Le FMI demande au Qatar de développer son secteur privé

Chaque année le FMI examine les comptes du Qatar et donne ses recommandations. Les qatariens n’ont pas assez pris conscience qu’ils doivent s’engager dans le secteur privé personnellement et maîtriser le secteur immobilier. Un rapport qui souligne la prise en compte des « conseils antérieurs du FMI ».

 

La baisse du cours pétrole aura un impact sur les comptes du Qatar

Le Qatar devra s’habituer à vivre avec un pétrole pas cher, ceci devrait avoir un impact sur son solde budgétaire mais surtout doit conduire le Qatar à accélérer la diversification de son économie. Le budget du Qatar est encore en 2015 trop dépendant des hydrocarbures et le changement de son économie ne tient pas assez compte des nouvelles réalités. Un des tableaux dans le rapport émis par le FMI, fait froid dans le dos. Il s’agit  du peu d’engagement des qatariens dans le secteur privé qu’ils confient pour l’essentiel aux expatriés.

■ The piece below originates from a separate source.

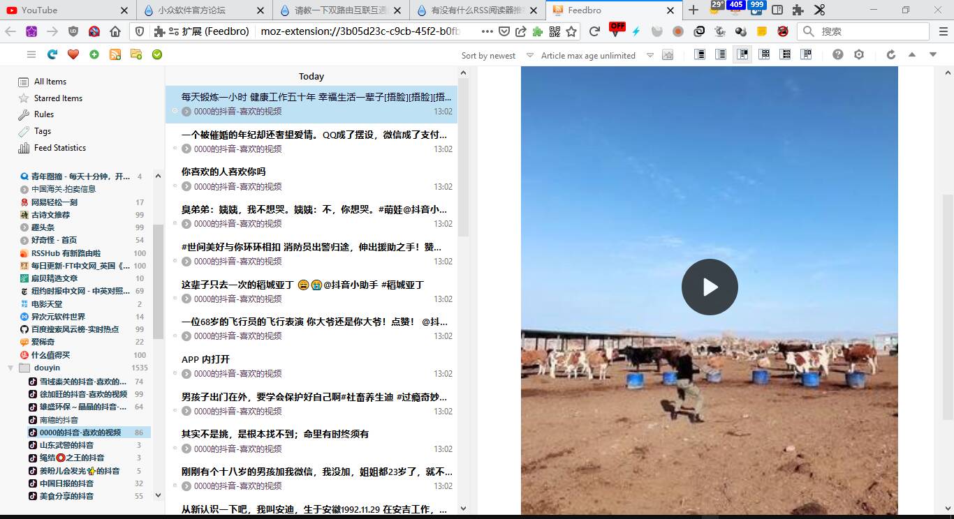 feedbro也尝试过了,有一次不小心把feedbro的indexed DB数据库给清空了。我需要导出功能、同步功能,于是尝试自己搭建。TTS搭建太过麻烦,所以使用FreshRSS,现在想找个比较美观的客户端。

La croissance qui restera élevée cette année devrait commencer à baisser dès 2016 et mettre en difficulté l’équilibre budgétaire. Le programme d’investissement en cours est essentiel pour le développement économique, mais comporte un risque de surchauffe de l’économie à court terme, tout en créant une surcapacité sur le moyen terme précise le FMI. Parmi les recommandations à souligner celle concernant le secteur immobilier est la plus urgente. Le FMI préconise d’augmenter les frais des transactions immobilières pour dissuader spéculateurs et accroître encore l’offre de terrains. Concernant le secteur bancaire le FMI souligne sa solidité mais demande au Qatar de surveiller l’octroi de crédit.

Globalement le gouvernement qatarien est sur la bonne voie pour maîtriser son économie mais doit accélérer le rythme des changements le conduisant à une plus grande transparence, ainsi que de s’intéresser aux goulots d’étranglements de son économie en particulier à la mobilité interne des expatriés. L’époque où le Qatar pouvait se permettre un énorme déficit budgétaire est révolue. Comme l’indiquait l’émir Tamim devant la Shura à fin 2014, avec ou sans augmentation des cours du pétrole que le règne de la rigueur vienne.